Claire’s Drives Sales Through Partners
Claire’s said that it has found success driving weekly sales across both smaller displays at checkout and through a larger brand presence in-aisle, with seasonal boosts through festive products for holidays and celebrations remaining a standout sales strategy.
“Our successful consumer products partnership business has seen significant global growth, and our grocery partners are a key part of helping us harness the power of our brand,” said Ryan Vero, CEO of Claire’s since 2019.
In November last year, Claire’s first announced plans to team up with Macy’s to open shop-in-shop locations in more than 20 Macy’s locations nationwide.
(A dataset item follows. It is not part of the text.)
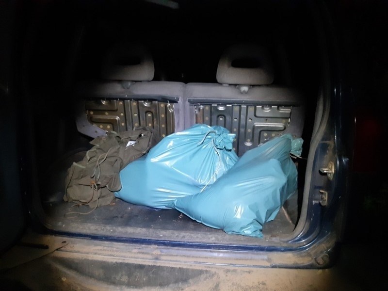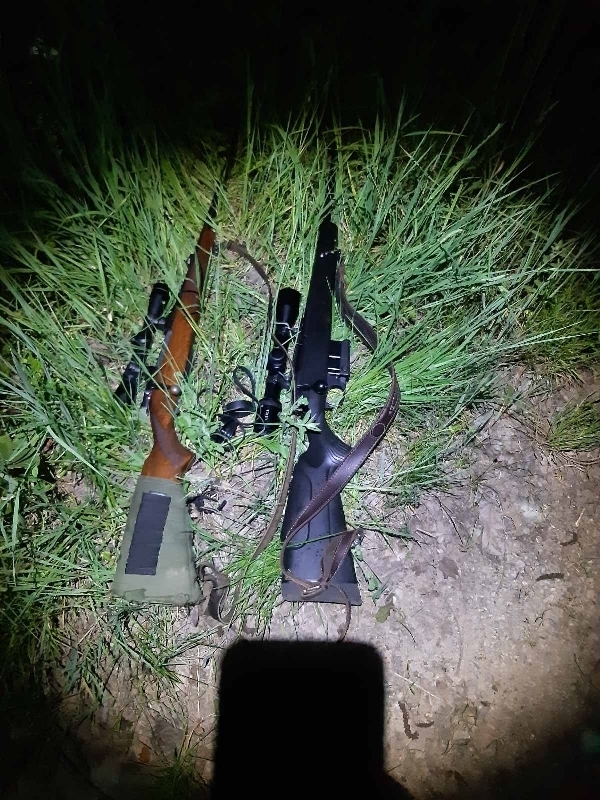 На земята в тревист участък са намерени 2 карабини с оптика и лек автомобил "Нисан Терано II" с монтанска регистрация, като в багажното отделение в 2 чувала и чанта са открити два сръндака, по около 30 кг с отрязани глави и огнестрелни рани.

And as it continues its growth plans, in late June of this year Claire’s Holdings appointed Claudia Lima-Guinehut as EVP and CMO, leading the company’s global merchandising, sourcing, and design strategy as well as its significant piercing business.
It is a far cry from when Claire’s previously filed for an IPO in 2013, only to withdraw the offering. The company filed for bankruptcy in 2018 nearly $2 billion in debt after a leveraged buyout in which private equity firm Apollo Management took it private.
Under its Chapter 11 provision the company managed to eliminate much of that debt burden and passed control to lenders including Elliott Capital Management and Monarch Alternative Capital.